WHAT YOU SHOULD DO:
I need the lines below from the one with "Prodejní vánoční výstava" down to the one with "والجواب أن يقال: إن" reproduced exactly, both ends included, and nothing else.

DATA SUPPLIED:
┌──

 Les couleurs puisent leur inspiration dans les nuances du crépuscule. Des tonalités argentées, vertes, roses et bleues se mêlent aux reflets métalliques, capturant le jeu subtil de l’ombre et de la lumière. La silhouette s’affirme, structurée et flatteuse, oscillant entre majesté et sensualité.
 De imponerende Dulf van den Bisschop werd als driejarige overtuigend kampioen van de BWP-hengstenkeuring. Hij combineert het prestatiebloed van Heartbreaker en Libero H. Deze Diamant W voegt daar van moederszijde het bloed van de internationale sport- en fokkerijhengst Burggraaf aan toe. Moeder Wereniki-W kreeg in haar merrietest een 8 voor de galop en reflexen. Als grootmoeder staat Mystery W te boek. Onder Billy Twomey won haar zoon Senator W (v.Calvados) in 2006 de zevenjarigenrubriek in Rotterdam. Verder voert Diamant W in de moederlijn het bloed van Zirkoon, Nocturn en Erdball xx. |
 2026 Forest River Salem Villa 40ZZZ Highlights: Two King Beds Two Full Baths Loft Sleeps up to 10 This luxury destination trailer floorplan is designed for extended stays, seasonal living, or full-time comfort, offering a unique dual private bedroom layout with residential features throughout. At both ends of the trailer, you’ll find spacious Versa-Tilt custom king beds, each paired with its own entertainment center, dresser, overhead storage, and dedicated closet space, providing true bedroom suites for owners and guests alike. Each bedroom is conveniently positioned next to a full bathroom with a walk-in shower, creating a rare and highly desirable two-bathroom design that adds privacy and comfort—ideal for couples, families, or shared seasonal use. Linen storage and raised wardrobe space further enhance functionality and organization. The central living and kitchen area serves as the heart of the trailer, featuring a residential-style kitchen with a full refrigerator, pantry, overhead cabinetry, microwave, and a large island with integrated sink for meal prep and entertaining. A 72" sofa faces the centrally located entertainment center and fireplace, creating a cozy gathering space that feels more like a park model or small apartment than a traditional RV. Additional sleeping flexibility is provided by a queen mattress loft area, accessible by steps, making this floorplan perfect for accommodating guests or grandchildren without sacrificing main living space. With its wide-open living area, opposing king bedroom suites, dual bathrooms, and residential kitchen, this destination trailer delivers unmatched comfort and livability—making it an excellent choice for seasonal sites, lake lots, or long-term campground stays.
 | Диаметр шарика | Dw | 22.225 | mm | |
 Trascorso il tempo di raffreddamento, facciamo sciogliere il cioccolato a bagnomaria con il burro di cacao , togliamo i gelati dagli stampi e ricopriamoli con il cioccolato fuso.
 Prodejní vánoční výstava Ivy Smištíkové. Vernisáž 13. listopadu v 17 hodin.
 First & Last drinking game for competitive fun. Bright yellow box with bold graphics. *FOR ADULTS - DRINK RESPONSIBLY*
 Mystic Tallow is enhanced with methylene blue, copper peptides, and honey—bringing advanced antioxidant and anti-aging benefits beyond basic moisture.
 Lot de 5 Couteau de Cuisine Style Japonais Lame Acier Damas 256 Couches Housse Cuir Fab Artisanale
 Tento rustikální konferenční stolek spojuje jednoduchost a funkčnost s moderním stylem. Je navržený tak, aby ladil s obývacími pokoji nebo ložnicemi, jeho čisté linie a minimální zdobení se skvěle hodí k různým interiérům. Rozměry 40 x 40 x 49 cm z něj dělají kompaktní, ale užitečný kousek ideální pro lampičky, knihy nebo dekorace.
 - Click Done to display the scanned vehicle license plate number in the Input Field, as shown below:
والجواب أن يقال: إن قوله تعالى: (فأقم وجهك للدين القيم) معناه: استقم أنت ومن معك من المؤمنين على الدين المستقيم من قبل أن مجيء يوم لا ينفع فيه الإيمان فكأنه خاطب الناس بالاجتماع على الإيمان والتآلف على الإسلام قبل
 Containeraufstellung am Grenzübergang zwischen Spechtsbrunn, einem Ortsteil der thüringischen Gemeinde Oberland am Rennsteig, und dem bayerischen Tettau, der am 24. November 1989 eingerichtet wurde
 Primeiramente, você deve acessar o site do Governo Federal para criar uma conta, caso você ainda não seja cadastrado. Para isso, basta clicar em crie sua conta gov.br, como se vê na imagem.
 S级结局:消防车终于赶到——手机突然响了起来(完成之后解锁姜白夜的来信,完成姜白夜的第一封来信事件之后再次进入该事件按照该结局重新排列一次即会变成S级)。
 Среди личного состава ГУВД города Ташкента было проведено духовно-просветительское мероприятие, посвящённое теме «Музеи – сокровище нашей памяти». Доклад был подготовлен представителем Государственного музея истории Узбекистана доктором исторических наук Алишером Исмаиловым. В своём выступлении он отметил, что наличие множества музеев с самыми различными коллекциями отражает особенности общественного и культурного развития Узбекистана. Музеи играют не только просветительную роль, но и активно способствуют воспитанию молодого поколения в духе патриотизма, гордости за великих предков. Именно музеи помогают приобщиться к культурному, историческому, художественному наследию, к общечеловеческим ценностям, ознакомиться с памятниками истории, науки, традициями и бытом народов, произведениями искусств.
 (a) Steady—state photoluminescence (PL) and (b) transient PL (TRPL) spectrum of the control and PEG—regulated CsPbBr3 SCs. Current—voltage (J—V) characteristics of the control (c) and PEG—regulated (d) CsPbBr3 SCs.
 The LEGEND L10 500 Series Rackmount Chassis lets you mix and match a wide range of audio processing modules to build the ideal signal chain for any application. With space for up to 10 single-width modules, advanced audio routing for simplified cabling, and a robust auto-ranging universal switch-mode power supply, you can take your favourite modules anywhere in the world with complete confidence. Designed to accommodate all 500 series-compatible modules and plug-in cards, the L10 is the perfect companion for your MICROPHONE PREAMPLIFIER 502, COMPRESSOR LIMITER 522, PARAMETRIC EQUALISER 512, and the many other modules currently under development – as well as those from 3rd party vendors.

└──

EXERCISE RESPONSE:
 Prodejní vánoční výstava Ivy Smištíkové. Vernisáž 13. listopadu v 17 hodin.
 First & Last drinking game for competitive fun. Bright yellow box with bold graphics. *FOR ADULTS - DRINK RESPONSIBLY*
 Mystic Tallow is enhanced with methylene blue, copper peptides, and honey—bringing advanced antioxidant and anti-aging benefits beyond basic moisture.
 Lot de 5 Couteau de Cuisine Style Japonais Lame Acier Damas 256 Couches Housse Cuir Fab Artisanale
 Tento rustikální konferenční stolek spojuje jednoduchost a funkčnost s moderním stylem. Je navržený tak, aby ladil s obývacími pokoji nebo ložnicemi, jeho čisté linie a minimální zdobení se skvěle hodí k různým interiérům. Rozměry 40 x 40 x 49 cm z něj dělají kompaktní, ale užitečný kousek ideální pro lampičky, knihy nebo dekorace.
 - Click Done to display the scanned vehicle license plate number in the Input Field, as shown below:
والجواب أن يقال: إن قوله تعالى: (فأقم وجهك للدين القيم) معناه: استقم أنت ومن معك من المؤمنين على الدين المستقيم من قبل أن مجيء يوم لا ينفع فيه الإيمان فكأنه خاطب الناس بالاجتماع على الإيمان والتآلف على الإسلام قبل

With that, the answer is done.